Наступило молчание, которое вскоре нарушил звук тихих шагов по ковру. Слуга отошел в сторону, одновременно широко распахнув дверь. И за ней оказался Уайверн — полностью одетый и явно вставший уже достаточно давно.

— Отнесите вещи вниз, — сказал он камердинеру, указывая на составленный, на полу багаж. — И сообщите Хичкоку, что я сейчас приду.

— Конечно, ваша светлость.

Галл поклонился и взял багаж. Кивнув Габриэле, он ушел из комнаты.

— А кто такой Хичкок? — поинтересовалась она, перешагивая через порог.

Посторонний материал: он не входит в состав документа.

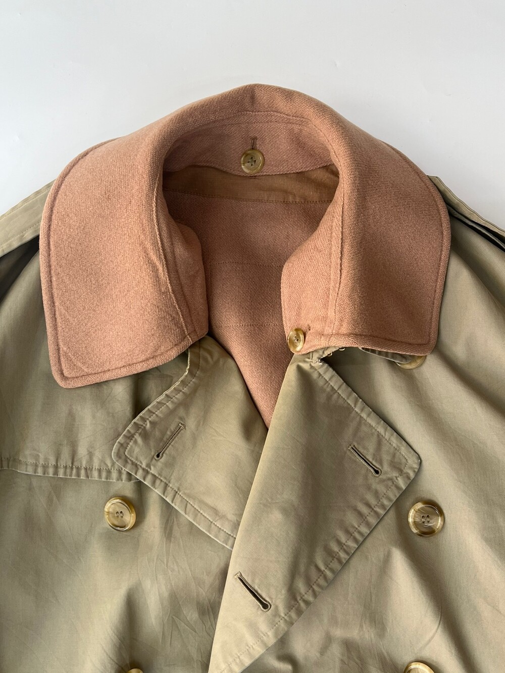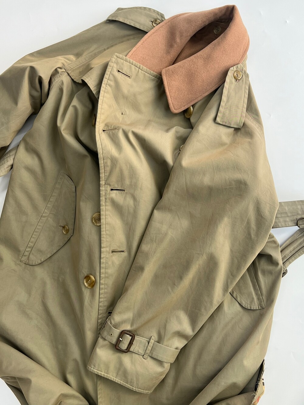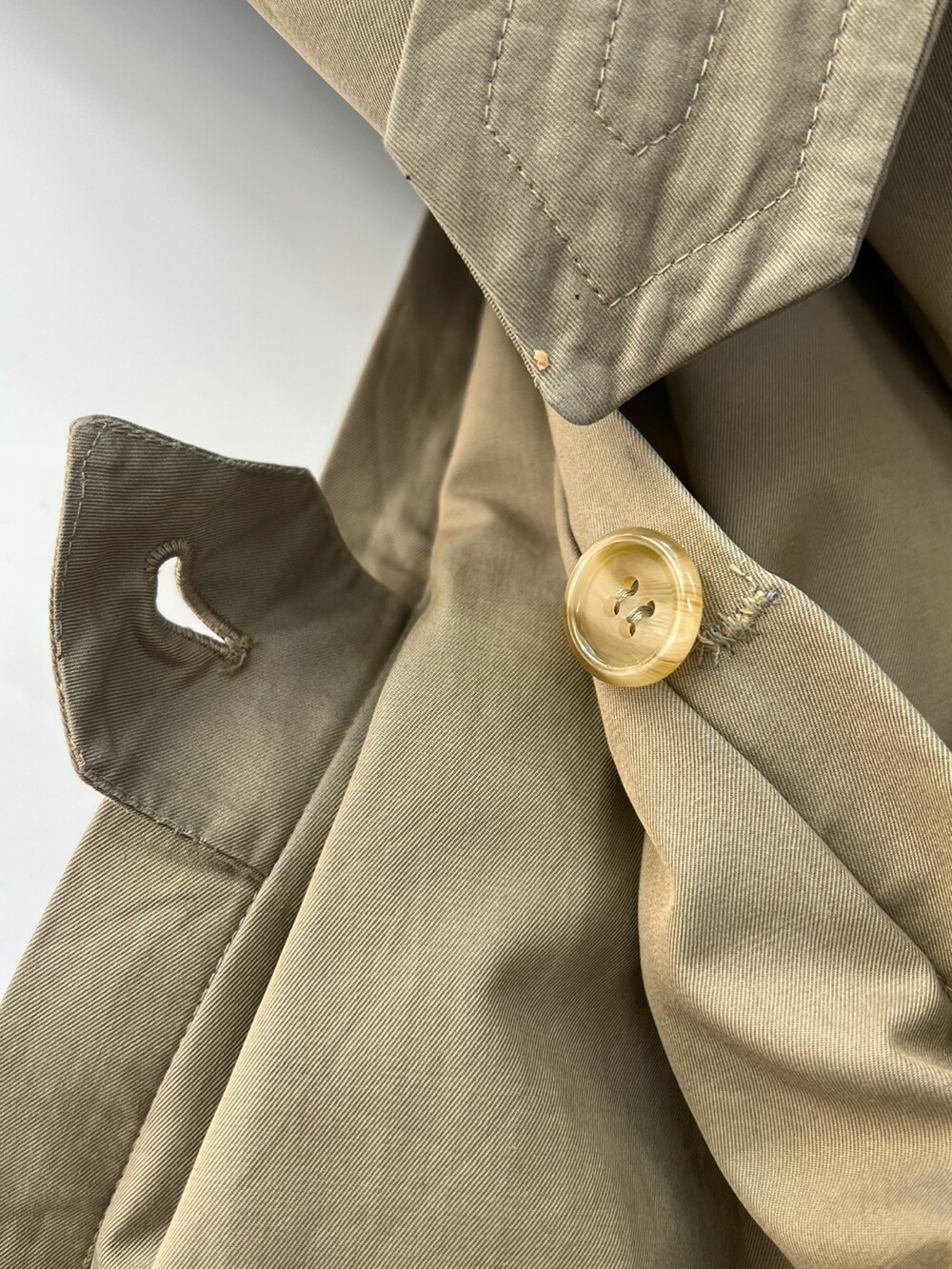 🚩Detail 소매가 한 장의 패널로 구성되어 착용 시 유려한 실루엣을 보이는, 이른바 원패널 슬리브 디테일을 가진 버버리의 트렌치 코트입니다. 코튼 100%의 개버딘 코튼을 겉감으로, 라이닝은 카멜 헤어가 포함된 울 소재로 되어 있어 라이닝을 결합했을 때 묵직한 착용감을 자랑합니다. 아웃쉘 뿐만아니라 칼라와 몸판 라이닝, 소매 스트렙과 벨트 등의 구성품을 모두 갖춘 제품입니다.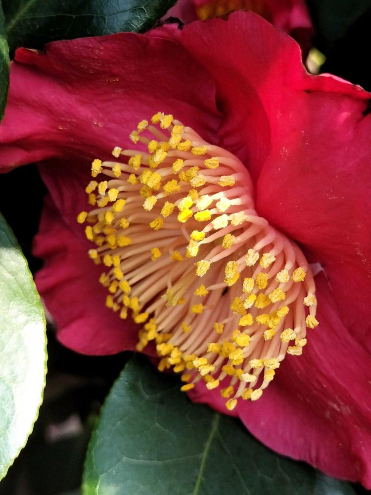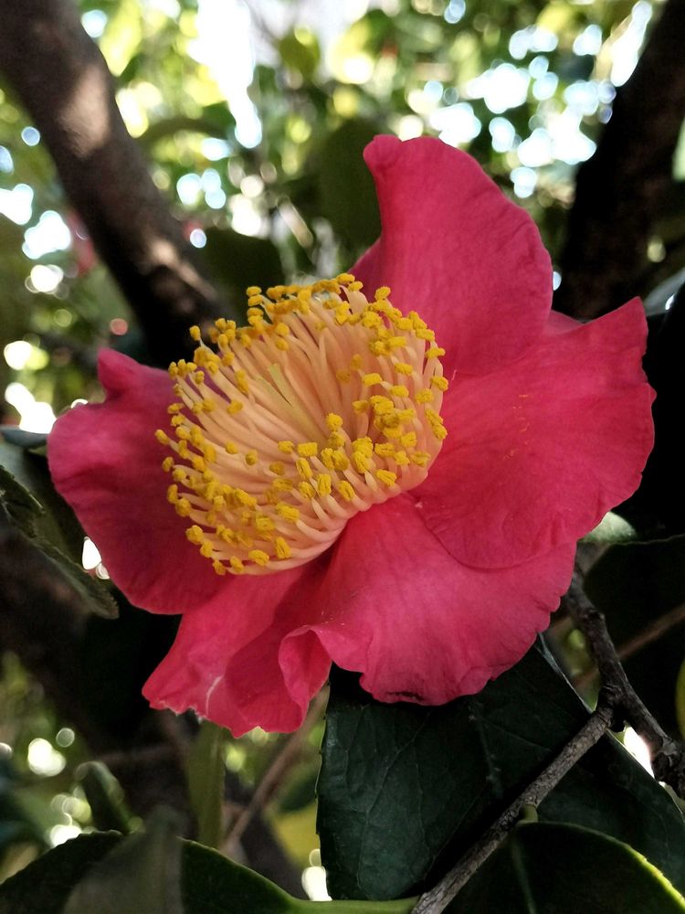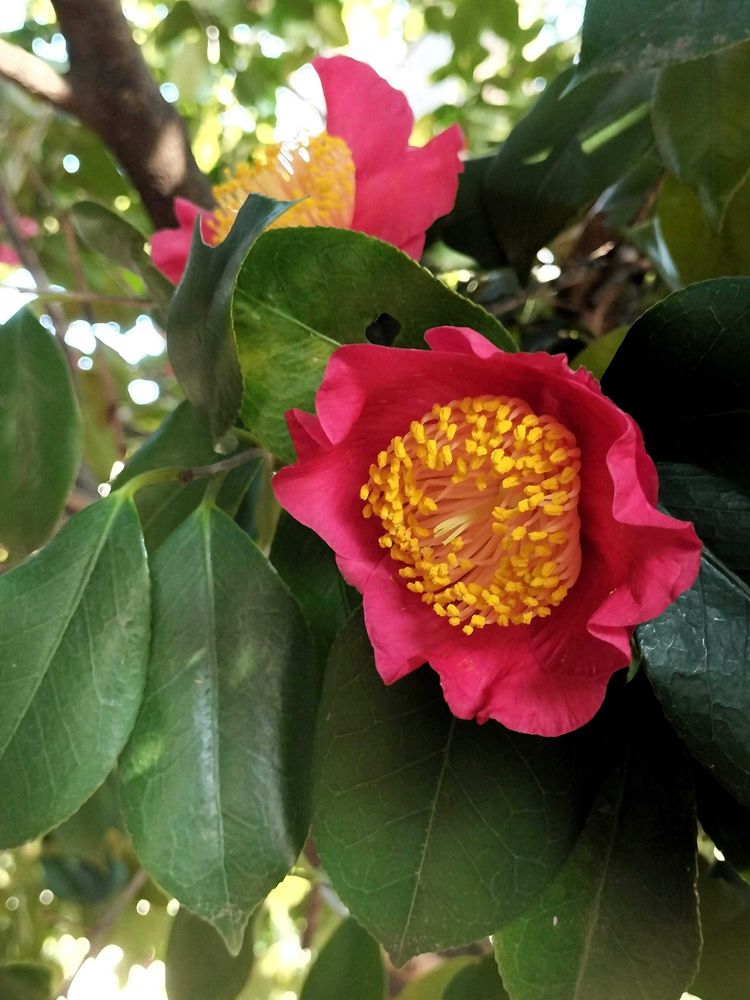 初詣に行く近所の八幡様に、あらこんな大きな椿が‼️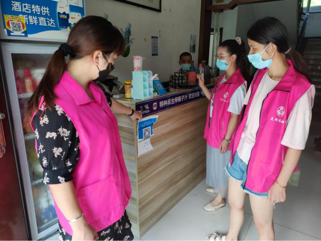 灵桥镇的巾帼志愿者们走街串巷,开展疫情防控宣传教育工作和地毯式排查活动,检查经营场所消杀与场所码使用情况等。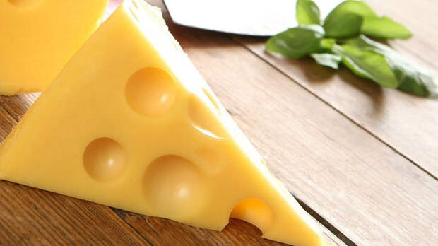 Главный показатель "сырного здоровья" – корка: ровная, не слишком сухая и без трещин. Качественный сыр при ощупывании слегка пружинит, а в центре мягкий. Обратите внимание на разрез: окраска должна быть равномерной, без белёсых вкраплений, а размер глазков – одинаковым по всей поверхности. Увидели хаотичный рисунок крупных и мелких сырных дырочек – это признак того, что при изготовлении использовалось некачественное молоко. Неравномерная окраска выдаёт недозрелый продукт – он безвкусный и скрипит на зубах.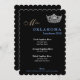 Created style for a fun fresh setting for your pageant or luncheon event. Shown in classic black on front and back on fine quality paper, this program/menu card has a silvertone Miss America style type crown in the upper corner. Text in centre. Fancy scalloped edging. We've created the template for you, simply change the information to your own at the right side of your screen in the selection menu. Customize further if you desire by changing the paper selection,text or text colours, text styles or upload your own image. Lovely choice for receptions, retirement parties, pageant parties, balls, luncheons, events, weddings or veterans events.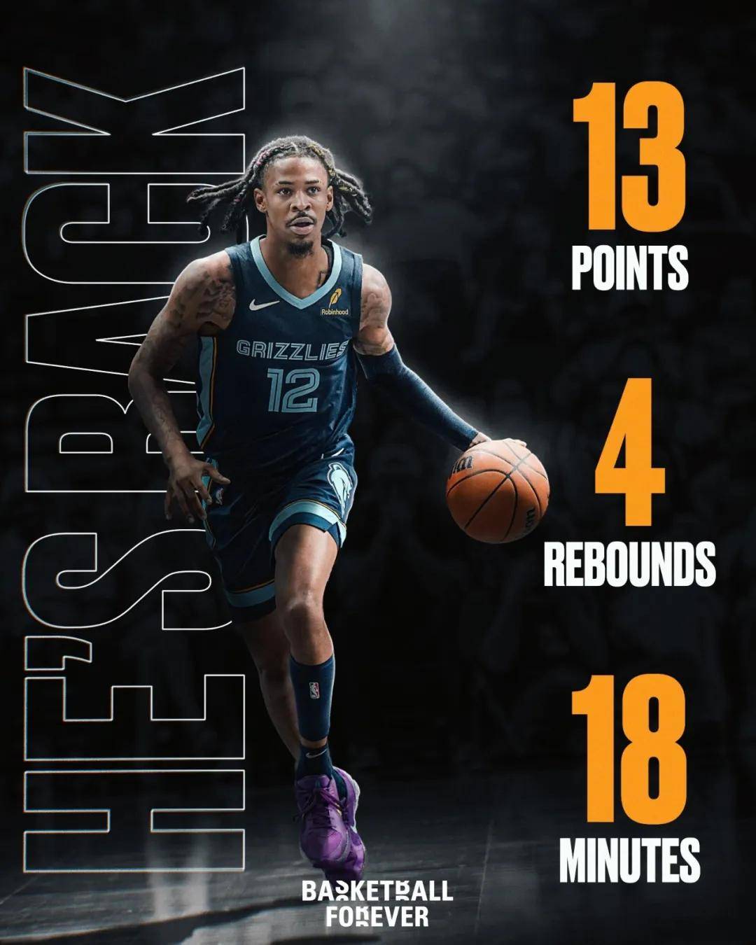 很快,莫兰特回到了更衣室,没过多久,莫兰特又重回赛场,但是在第三节的一个回合,莫兰特上演双手扣篮后, 落地后示意要下场休息 ,原以为情况不妙,但赛后莫兰特却表示没事,这只是季前赛。
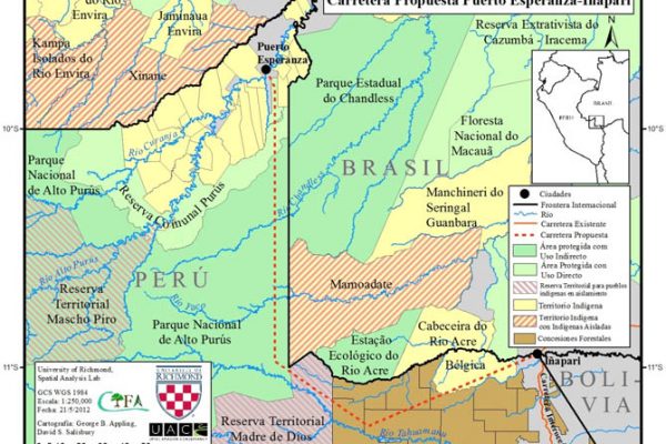 Essa estrada exporia habitantes e índios isolados da região à degradação ambiental e ao tráfico de drogas. Melhor fazer a estrada no Acre. →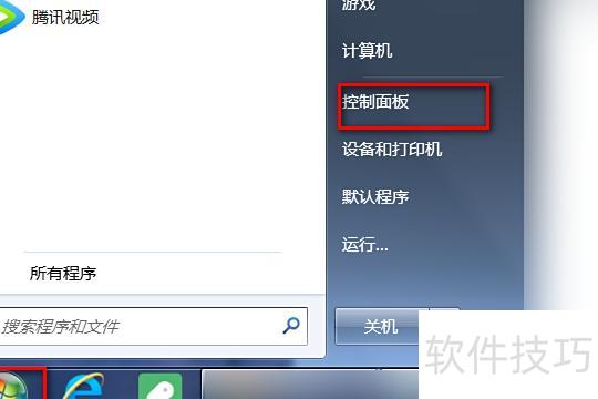 在桌面点击开始,进入控制面板。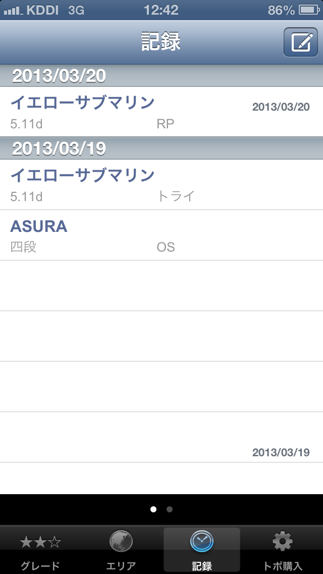 自分の記録は、「トライ中」「レッドポイント」「オンサイト」などと詳細に残せ、これまで本に直接書き込んだり、表計算ソフトなどでリストを管理したりしていたクライマーには便利な機能となっています。加えて、登った結果をtwitter、facebookに投稿でき、情報の共有にも役立ちます。熱心なクライマーには待望のアプリです。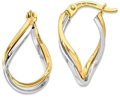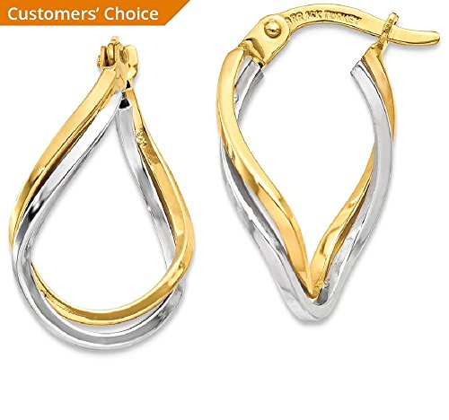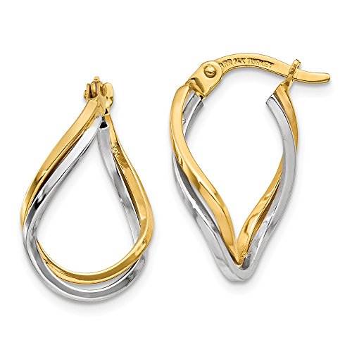ICECARATS DESIGNER JEWELRY 14K TWO TONE YELLOW GOLD TWISTED HOOP EARRINGS EAR HOOPS SET FOR WOMEN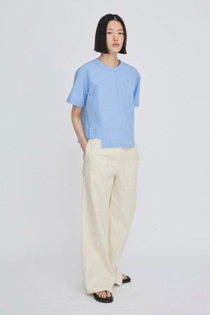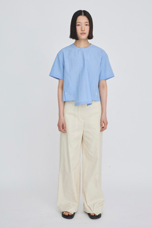 - 뒷판은 셔츠 테일이 시원하게 떨어지는 디자인으로 독특한 실루엣을 완성하며,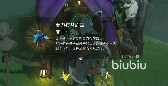 获取后和村子里的吉尔顿对话,选择梦想。就会触发新的任务柯尔天的下落,我们使用滑翔翼飞到对岸色彩鲜艳的售货摊,和柯尔天对话,他会让我们帮他找魔犹伊的遗失物,会给我们相称的宝物精灵衣进行交换。需要注意的是这个家伙只会在夜晚出现,白天是找不到他的。并且如果我们和他开始交换的话,他吃下这些遗失物后,可以感应到这些物品的下落,如果我们不知道在哪里可以获得,也可以让他提供下信息的。之后就是无聊的找遗失物的环节了,我们就一笔带过。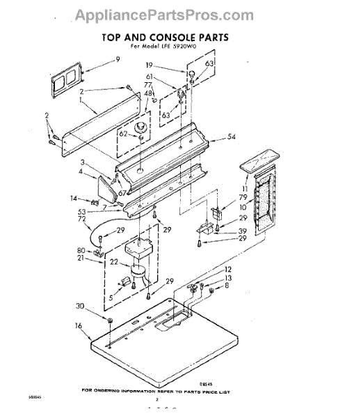 Parts for Whirlpool LFE5920W0: 02 - Top And Console Parts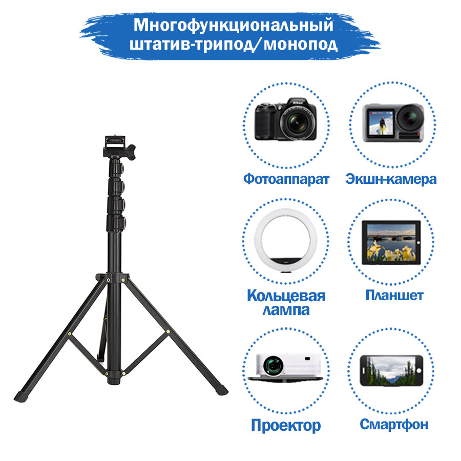 10 цен на Штатив для телефона, фотоаппарата, камеры, кольцевой лампы, проектора напольный Jmary MT-39 - Черный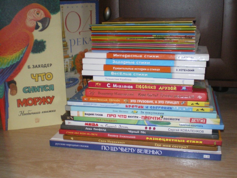 На фото бОльшая часть стопки - ребенок великодушно выслушивал-высматривал. Некоторые из них после прочтения перелистывал назад "ЕЩЁ". Сердце материнское таяло - вам ли мне говорить? Были и книжки-картинки, не связанные с ГВ, которые видимо удивляли моего ребенка, заставлял перечитывать, объяснять по несколько раз подряд, потом сам - где то радостно, где то тревожно всматривался, объяснял по своему.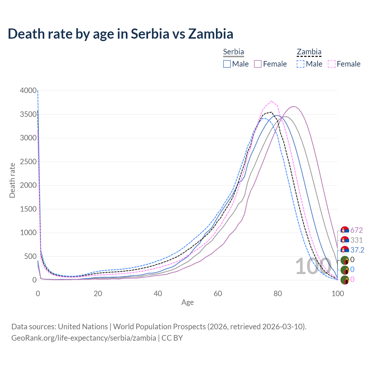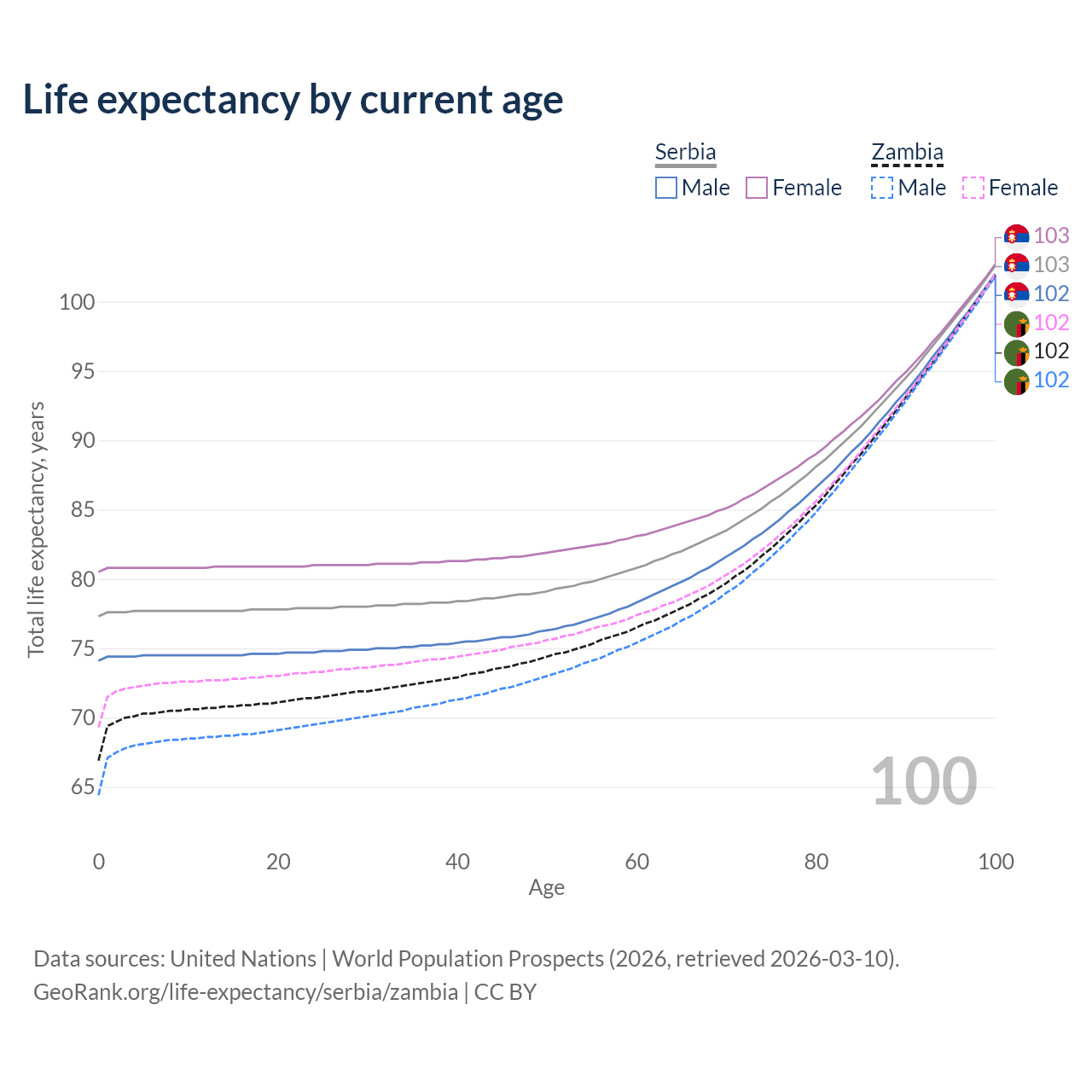 This life expectancy calculator shows the odds of living to 100, 95, 90, and below based on current age for both males and females in Serbia and Zambia, along with mean and median age of death. The calculations are based on the 2026 life tables (actuarial tables) from the UN World Population Prospects.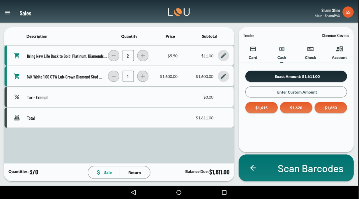 - Your Customer just asked if they could add one more thing on? No problem! Tap the Scan Barcodes button to go back to the Sales Transaction page and add more SKUs or make changes.

— Мой кучер. — Он взял дорожные перчатки и начал натягивать их на свои крупные, но изящные руки. — А почему вы встали и разгуливаете по дому, пока все его обитатели еще мирно спят в своих постелях?

— Я часто поднимаюсь на рассвете. По-моему, раннее утро — это самое хорошее время суток. — Она обвела его комнату взглядом. — Но почему ваши вещи уложены? Разве вы уезжаете?

— Вы угадали. — Он на секунду отвел глаза. — У меня возникли срочные дела в поместье.

Она ощутила острый укол разочарования. «Как интересно, — задумалась она в следующую секунду, — что его «срочные дела» возникли именно сегодня, причем в столь ранний час!» И ей показалось, что вчерашний импульсивный и страстный поцелуй может иметь какое-то отношение к его спешному отъезду.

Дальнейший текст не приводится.